How to solve $f'(x)=f'(\frac{x}{2})$

Question

How do we solve this given $f'(0)=-1$. It does not look separable. I can integrate both sides but end up with a functional equation with is not helpful.

Answer 1

I will assume that $f:\mathbb{R}\to\mathbb{R}$ is supposed to be $C^1$, so $f'$ exists and is continuous everywhere. Now note that for any $x\in \mathbb{R}$, $f'(x)=f'(x/2)=f'(x/4)=f'(x/8)=\cdots$. But $x/2^n$ converges to $0$ as $n\to\infty$, so continuity of $f'$ now implies $$-1=f'(0)=\lim_{n\to \infty}f'(x/2^n)=f'(x).$$ So $f'(x)=-1$ for all $x$, and thus $f(x)=-x+C$ for some constant $C$.

In fact, the assumption that the derivative is continuous can be eliminated, as explained in detail in Robert Israel's answer.

Answer 2

Obviously $f'(x)=-1$ solves this, taking the anti derivative we get the solution $f(x)=-x+k$.

Answer 3

This is a functional equation for $g(x)=f'(x)$ and the solution is $g(x)=\varphi(\log x)$ where $\varphi(x)=\varphi(x-\log 2)$ is an arbitrary periodic function with period $\log 2$.
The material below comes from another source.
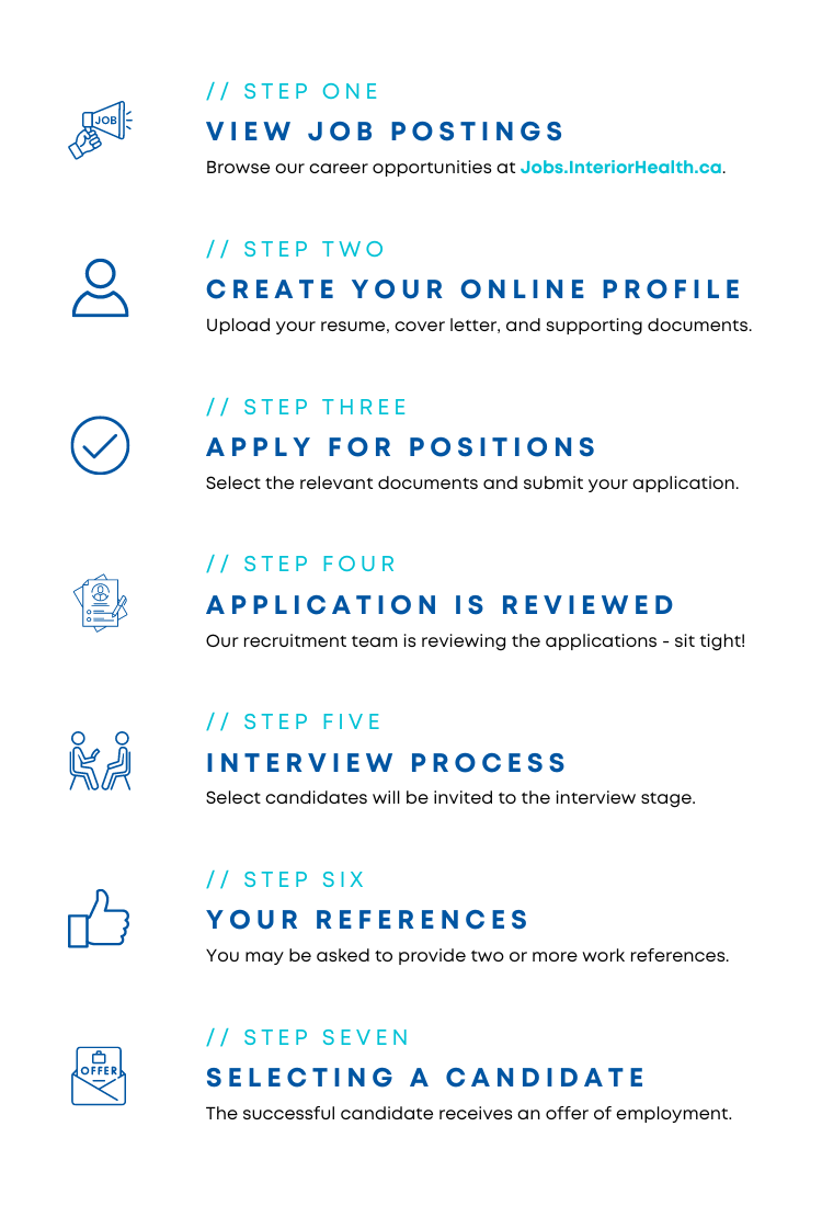 Follow the steps listed below when you’re applying for clinical, corporate and support careers at Interior Health.

In fact for the equation $g(ax)=bg(x)$ we have $g(aa^x)=bg(a^x)$ and $g(a^{x+1})=bg(a^x)$; then $g(a^x)=\varphi(x)b^x$, where $\varphi(x)$ is an arbitrary periodic function with unit period.

Finally $g(x)=\varphi(\log_ax)x^{\log_ab}$. For $a=1/2$ and $b=1$, $g(x)=\varphi(\log x)$ where $\varphi(x)=\varphi(x-\log 2)$ is an arbitrary periodic function with period $\log 2$.

For $\varphi(x)=C$ constant, we have the particular solution $g(x)=f'(x)=C$ that is $f(x)=Cx+k$ and from $f'(0)=-1$ we have $f(x)=-x+k$.

Answer 4

Suppose $f$ is differentiable everywhere on $\mathbb R$ and $f'(x) = f'(x/2)$ for all $x$. Now $$\dfrac{d}{dx} \left(f(x) - 2 f(x/2)\right) = f'(x) - f'(x/2) = 0$$ so $f(x) - 2 f(x/2)$ must be constant, say $f(x) - 2 f(x/2) = c$. $f$ is continous at $0$ since it is differentiable there, and taking the limit as $x \to 0$ we find $c = -f(0)$. Since the problem is invariant under addition of a constant, we may assume for convenience $f(0)=0$, so $f(x) = 2 f(x/2)$.

Defining $$ g(t) = 2^{-t} f(2^t)$$ we find $$ g(t) = 2^{-t} f(2^t) = 2^{1-t} f(2^{t-1}) = g(t-1) $$ i.e. $g$ is periodic with period $1$.

Now we need $f$ to be differentiable at $0$. We get $$ f'(0) = \lim_{x \to 0} \dfrac{f(x) - f(0)}{x} = \lim_{x \to 0+} g(\log_2 x) = \lim_{t \to -\infty} g(t)$$ But in order for this limit to exist, given that $g$ is periodic, $g$ must be constant; if $f'(0)=-1$ that constant is $-1$, and $f(x) = 2^{\log_2 x} g(\log_2 x) = -x$. Similarly, looking at $2^{-t} f(-2^t)$ we find that $f(x) = -x$ for $x < 0$. Removing the assumption $f(0)=0$, the general solution is $f(x) = -x + k$.